<今月見るべきアート展>日本で約20年ぶりの機会到来!『マティス展』が東京都美術館で開催中
日本では約20年ぶりとなるアンリ・マティスの回顧展。若き日の作品から晩年の大作まで約150点――とりわけマティスの芸術家人生の転機につくられた作品が、要所に展示されているのが特徴だ。
マティスは、1869年、織物の産地で知られる北仏ル・カトー・カンブレジ生まれ。パリで法律を学び、故郷で法律家の見習いとして働いたあと、画家を志してふたたびパリに出る。パリでは、アカデミージュリアン(私立美術学校)で、当時人気だったサロン画家ウィリアム・ブークローに学び、またギュスターヴ・モローのアトリエで制作しながら、念願だったエコール・デ・ボザール(国立高等美術学校)へ入学する。このころ、ルーブル美術館に通っては、古典絵画の模写にも勤しみ、ゴッホや印象主義の作品にも触れた。

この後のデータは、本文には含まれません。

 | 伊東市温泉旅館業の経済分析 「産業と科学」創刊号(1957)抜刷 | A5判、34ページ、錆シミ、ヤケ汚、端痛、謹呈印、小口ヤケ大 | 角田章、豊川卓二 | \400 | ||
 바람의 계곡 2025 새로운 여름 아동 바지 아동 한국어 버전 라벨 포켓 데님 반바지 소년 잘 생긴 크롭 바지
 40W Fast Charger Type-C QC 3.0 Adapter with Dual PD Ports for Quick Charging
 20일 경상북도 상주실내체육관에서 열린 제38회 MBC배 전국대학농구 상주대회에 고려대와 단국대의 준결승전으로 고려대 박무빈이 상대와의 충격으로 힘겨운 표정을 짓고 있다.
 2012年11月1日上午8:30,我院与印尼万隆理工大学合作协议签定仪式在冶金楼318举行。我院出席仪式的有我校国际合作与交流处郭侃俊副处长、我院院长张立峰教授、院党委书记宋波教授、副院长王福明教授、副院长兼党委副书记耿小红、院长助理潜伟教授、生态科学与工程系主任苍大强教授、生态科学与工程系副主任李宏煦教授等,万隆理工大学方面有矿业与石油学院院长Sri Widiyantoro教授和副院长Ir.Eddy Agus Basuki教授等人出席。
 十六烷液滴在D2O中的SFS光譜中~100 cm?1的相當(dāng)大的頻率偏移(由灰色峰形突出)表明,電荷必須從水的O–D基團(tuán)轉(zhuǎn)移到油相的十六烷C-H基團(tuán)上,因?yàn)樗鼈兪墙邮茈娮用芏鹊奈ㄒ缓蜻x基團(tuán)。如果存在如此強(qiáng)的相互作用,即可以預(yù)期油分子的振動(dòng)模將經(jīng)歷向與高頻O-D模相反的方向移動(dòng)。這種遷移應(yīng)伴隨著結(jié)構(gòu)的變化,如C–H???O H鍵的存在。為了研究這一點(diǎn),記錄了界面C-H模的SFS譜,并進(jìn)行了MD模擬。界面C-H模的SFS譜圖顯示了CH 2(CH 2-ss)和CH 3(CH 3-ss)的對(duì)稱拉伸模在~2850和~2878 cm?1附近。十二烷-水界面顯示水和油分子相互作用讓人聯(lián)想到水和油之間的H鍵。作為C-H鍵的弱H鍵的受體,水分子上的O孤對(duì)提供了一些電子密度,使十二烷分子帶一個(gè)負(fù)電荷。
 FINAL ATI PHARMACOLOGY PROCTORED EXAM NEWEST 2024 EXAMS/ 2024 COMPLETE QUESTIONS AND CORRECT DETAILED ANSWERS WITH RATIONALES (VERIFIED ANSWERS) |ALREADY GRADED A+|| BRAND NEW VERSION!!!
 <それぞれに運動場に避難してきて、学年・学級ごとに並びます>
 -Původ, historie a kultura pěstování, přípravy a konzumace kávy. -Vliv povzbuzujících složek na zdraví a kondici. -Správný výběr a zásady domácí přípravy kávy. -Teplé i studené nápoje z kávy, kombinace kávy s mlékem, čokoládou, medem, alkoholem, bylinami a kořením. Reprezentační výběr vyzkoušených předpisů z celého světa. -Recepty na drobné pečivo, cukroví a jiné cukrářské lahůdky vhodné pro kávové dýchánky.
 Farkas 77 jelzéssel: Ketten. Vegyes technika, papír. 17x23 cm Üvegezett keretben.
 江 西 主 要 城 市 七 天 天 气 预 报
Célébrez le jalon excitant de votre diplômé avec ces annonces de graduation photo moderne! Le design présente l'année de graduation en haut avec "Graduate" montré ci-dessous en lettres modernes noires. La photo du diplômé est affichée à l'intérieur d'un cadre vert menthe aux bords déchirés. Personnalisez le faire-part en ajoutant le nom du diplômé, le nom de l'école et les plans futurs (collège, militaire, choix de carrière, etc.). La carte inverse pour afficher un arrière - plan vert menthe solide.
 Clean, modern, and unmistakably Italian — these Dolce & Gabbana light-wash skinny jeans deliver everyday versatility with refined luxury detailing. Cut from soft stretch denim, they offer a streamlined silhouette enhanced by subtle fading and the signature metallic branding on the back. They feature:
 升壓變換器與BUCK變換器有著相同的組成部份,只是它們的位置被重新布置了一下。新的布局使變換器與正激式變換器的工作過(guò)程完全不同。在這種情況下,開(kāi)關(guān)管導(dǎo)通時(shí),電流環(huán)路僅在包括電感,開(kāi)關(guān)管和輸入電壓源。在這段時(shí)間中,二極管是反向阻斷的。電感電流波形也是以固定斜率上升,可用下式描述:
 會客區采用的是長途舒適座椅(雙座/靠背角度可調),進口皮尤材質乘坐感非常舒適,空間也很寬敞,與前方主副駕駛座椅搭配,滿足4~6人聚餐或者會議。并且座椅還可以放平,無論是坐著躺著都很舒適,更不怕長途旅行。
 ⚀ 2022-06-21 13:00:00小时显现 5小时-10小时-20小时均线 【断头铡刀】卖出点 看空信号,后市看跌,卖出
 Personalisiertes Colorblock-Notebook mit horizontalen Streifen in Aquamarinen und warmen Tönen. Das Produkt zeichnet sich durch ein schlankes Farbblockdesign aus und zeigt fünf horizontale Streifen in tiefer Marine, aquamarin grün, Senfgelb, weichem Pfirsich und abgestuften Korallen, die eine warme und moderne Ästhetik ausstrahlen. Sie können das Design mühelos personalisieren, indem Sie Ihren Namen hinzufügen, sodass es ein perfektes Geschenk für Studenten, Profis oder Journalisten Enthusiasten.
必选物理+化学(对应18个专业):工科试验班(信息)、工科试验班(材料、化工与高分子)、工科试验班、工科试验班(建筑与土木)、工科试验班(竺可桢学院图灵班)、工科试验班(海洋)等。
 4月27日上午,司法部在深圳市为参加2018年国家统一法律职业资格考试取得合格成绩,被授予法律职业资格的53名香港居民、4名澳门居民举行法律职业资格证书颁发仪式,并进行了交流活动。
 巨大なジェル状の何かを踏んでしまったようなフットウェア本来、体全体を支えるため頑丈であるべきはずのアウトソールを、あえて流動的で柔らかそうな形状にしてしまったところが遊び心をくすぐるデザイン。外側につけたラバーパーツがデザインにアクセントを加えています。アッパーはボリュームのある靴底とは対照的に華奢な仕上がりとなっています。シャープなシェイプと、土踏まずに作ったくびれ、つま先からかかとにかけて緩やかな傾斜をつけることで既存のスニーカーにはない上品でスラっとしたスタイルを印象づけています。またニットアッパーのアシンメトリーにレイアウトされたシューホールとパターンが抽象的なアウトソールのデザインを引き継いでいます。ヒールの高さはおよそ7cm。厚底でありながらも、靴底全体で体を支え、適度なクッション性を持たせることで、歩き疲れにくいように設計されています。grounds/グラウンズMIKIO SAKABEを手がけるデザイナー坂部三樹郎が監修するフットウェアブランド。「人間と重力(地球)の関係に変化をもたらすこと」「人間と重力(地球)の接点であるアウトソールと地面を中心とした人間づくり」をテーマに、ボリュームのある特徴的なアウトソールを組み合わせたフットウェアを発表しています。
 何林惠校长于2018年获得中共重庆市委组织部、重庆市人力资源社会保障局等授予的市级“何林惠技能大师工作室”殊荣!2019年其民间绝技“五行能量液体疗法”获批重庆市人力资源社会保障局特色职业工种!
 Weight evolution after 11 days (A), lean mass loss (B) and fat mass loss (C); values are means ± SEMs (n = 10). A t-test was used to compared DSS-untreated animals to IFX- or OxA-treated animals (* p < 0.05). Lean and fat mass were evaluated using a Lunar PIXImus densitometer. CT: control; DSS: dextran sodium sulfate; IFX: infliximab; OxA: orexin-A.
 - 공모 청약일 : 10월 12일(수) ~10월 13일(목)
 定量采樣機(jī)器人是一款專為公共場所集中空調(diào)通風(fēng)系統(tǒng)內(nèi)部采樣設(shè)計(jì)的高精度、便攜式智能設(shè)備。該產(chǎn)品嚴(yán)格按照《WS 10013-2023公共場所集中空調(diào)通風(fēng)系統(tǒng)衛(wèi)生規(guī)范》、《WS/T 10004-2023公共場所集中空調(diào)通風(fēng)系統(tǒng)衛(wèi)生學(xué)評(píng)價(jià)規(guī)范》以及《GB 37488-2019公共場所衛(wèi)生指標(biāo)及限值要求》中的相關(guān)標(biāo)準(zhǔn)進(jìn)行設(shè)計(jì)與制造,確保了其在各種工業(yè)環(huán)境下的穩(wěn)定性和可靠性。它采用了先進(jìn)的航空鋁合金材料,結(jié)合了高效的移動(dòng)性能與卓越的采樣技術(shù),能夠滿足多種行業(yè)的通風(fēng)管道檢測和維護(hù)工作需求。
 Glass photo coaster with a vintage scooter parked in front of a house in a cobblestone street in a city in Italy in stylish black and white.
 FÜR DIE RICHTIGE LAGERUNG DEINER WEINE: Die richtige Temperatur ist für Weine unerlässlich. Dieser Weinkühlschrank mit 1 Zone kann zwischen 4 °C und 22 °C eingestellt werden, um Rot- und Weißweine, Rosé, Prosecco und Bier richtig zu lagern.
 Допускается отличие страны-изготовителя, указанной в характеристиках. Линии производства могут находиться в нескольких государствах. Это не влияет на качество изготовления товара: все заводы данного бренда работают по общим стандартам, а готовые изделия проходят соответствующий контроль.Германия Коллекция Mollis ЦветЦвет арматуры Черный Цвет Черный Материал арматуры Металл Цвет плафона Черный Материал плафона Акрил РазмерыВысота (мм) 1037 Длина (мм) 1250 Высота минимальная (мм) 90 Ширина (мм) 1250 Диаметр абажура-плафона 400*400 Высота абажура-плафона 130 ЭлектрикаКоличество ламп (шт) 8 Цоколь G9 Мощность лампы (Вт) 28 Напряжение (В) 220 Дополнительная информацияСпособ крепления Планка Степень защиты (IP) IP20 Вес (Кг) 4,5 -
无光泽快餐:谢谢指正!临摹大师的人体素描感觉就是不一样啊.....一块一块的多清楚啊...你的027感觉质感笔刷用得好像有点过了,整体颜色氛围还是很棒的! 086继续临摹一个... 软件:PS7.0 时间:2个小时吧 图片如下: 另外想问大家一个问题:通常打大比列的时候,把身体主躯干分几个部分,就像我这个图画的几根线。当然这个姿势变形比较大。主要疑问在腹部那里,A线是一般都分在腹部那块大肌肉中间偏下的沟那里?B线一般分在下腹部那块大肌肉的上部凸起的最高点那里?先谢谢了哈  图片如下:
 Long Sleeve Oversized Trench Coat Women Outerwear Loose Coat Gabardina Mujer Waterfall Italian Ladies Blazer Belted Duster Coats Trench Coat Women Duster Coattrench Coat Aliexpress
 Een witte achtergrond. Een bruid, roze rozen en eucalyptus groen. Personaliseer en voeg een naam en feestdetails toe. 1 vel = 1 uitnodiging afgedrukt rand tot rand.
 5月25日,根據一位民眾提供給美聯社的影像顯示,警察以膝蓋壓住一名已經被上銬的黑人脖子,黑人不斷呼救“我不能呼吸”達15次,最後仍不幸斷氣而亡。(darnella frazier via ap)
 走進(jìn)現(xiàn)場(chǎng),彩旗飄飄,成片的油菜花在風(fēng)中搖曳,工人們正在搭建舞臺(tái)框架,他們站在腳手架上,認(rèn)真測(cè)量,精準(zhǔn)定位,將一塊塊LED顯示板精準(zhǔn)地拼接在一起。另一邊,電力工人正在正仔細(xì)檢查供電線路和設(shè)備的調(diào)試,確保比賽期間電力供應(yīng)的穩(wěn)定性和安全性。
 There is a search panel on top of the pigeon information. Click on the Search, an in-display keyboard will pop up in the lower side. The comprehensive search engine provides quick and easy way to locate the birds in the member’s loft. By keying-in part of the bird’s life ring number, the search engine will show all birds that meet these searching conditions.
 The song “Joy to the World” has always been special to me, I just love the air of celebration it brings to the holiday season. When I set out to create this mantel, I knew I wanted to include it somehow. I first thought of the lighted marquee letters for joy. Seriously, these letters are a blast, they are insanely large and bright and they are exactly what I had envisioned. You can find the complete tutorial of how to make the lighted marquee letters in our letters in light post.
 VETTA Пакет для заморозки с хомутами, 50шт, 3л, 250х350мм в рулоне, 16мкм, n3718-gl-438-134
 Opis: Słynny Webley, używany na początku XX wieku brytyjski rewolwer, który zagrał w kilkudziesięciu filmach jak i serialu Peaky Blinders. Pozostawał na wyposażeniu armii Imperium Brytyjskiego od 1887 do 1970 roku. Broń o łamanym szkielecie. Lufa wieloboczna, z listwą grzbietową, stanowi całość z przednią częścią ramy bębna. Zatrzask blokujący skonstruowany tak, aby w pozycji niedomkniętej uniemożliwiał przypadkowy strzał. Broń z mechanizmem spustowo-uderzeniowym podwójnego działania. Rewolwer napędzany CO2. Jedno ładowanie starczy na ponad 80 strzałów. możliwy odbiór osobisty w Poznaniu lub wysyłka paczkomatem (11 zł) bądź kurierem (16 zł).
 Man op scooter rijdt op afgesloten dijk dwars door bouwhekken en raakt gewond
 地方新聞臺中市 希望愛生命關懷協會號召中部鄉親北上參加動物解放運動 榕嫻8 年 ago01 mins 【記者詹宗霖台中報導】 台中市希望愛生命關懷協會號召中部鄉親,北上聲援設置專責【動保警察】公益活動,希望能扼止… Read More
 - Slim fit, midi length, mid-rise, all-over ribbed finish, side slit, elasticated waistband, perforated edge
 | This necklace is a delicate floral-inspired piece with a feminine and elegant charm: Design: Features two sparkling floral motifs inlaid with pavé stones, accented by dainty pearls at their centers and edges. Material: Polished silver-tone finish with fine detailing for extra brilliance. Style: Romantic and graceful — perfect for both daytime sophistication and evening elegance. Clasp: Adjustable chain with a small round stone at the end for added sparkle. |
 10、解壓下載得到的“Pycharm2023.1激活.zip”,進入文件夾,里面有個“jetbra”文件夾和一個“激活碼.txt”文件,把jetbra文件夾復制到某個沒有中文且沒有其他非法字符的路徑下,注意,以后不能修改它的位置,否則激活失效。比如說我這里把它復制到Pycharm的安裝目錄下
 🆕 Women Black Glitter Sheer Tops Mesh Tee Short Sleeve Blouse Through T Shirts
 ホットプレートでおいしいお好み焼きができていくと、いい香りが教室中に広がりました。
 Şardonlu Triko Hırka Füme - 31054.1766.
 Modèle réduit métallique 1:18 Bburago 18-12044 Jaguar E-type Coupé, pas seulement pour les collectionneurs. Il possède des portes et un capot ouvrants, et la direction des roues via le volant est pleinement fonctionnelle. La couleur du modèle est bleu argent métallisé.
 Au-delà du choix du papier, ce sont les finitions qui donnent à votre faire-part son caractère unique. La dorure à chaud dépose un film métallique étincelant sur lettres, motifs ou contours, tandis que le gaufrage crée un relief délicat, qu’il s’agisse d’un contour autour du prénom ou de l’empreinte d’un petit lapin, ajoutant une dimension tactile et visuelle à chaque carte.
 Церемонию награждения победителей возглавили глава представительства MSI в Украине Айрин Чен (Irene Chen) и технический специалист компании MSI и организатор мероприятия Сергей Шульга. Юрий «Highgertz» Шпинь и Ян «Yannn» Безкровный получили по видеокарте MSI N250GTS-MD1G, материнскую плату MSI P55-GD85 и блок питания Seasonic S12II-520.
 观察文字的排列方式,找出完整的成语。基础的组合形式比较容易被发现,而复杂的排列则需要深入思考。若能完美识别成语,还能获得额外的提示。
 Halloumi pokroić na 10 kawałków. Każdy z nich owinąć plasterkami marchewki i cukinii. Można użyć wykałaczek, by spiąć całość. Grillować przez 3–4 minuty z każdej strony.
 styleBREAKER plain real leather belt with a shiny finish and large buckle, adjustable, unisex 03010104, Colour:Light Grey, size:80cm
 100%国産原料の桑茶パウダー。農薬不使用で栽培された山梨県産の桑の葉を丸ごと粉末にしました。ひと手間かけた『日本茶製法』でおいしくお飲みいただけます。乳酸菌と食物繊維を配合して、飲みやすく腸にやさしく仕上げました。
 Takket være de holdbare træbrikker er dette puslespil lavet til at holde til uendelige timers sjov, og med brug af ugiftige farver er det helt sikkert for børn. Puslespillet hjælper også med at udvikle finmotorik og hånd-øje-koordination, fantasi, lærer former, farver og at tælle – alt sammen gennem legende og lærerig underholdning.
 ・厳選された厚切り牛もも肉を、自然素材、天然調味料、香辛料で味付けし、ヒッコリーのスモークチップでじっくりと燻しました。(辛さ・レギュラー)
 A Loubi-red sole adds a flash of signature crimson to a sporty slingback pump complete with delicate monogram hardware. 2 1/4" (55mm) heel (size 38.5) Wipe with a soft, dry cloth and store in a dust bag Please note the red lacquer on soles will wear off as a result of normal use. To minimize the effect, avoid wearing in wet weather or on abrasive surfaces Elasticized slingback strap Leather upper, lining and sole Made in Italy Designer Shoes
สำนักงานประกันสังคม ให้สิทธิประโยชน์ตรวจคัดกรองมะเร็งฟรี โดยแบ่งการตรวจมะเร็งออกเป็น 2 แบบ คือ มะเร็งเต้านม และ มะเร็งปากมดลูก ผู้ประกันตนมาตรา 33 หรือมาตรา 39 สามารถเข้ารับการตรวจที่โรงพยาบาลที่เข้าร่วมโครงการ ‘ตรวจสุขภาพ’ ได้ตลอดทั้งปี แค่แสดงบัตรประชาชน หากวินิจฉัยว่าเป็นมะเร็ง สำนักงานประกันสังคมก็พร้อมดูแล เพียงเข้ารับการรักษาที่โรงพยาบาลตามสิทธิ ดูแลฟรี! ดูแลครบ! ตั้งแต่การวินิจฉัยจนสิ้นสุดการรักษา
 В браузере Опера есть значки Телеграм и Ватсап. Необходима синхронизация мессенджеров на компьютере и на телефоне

本展のはじめに展示されている《読書する女性》は、マティスがエコール・デ・ボザールへの入学が認められた年に描かれたものだ。“学びの時期”の作品だが、国民美術協会展で発表され、フランスの大統領夫人マダム・フェリックス・フォールに買い上げられたマティスの若き日の代表作である。
アンリ・マティス 《読書する女性》 1895年 ポンピドゥー・センター/国立近代美術館
画風を大きく更新するきっかけになったのは、新印象派の中心人物ポール・シャニックとの出会い。本展で日本初公開となる《豪奢、静寂、逸楽》は、新印象派の作家たちが論理的に展開しようとした「筆触分割(絵の具を混ぜずに、異なる純粋色を小さな筆のタッチで置いていく描き方)」をベースに描かれたものだが(ちなみに、《豪奢、静寂、逸楽》は、シャニックが買い取った)、こうした実践が、大胆な筆致で、見えるものではなく感情や心のうごきを色彩で表現しようとする、マティスの代名詞「フォービスム」に結実する。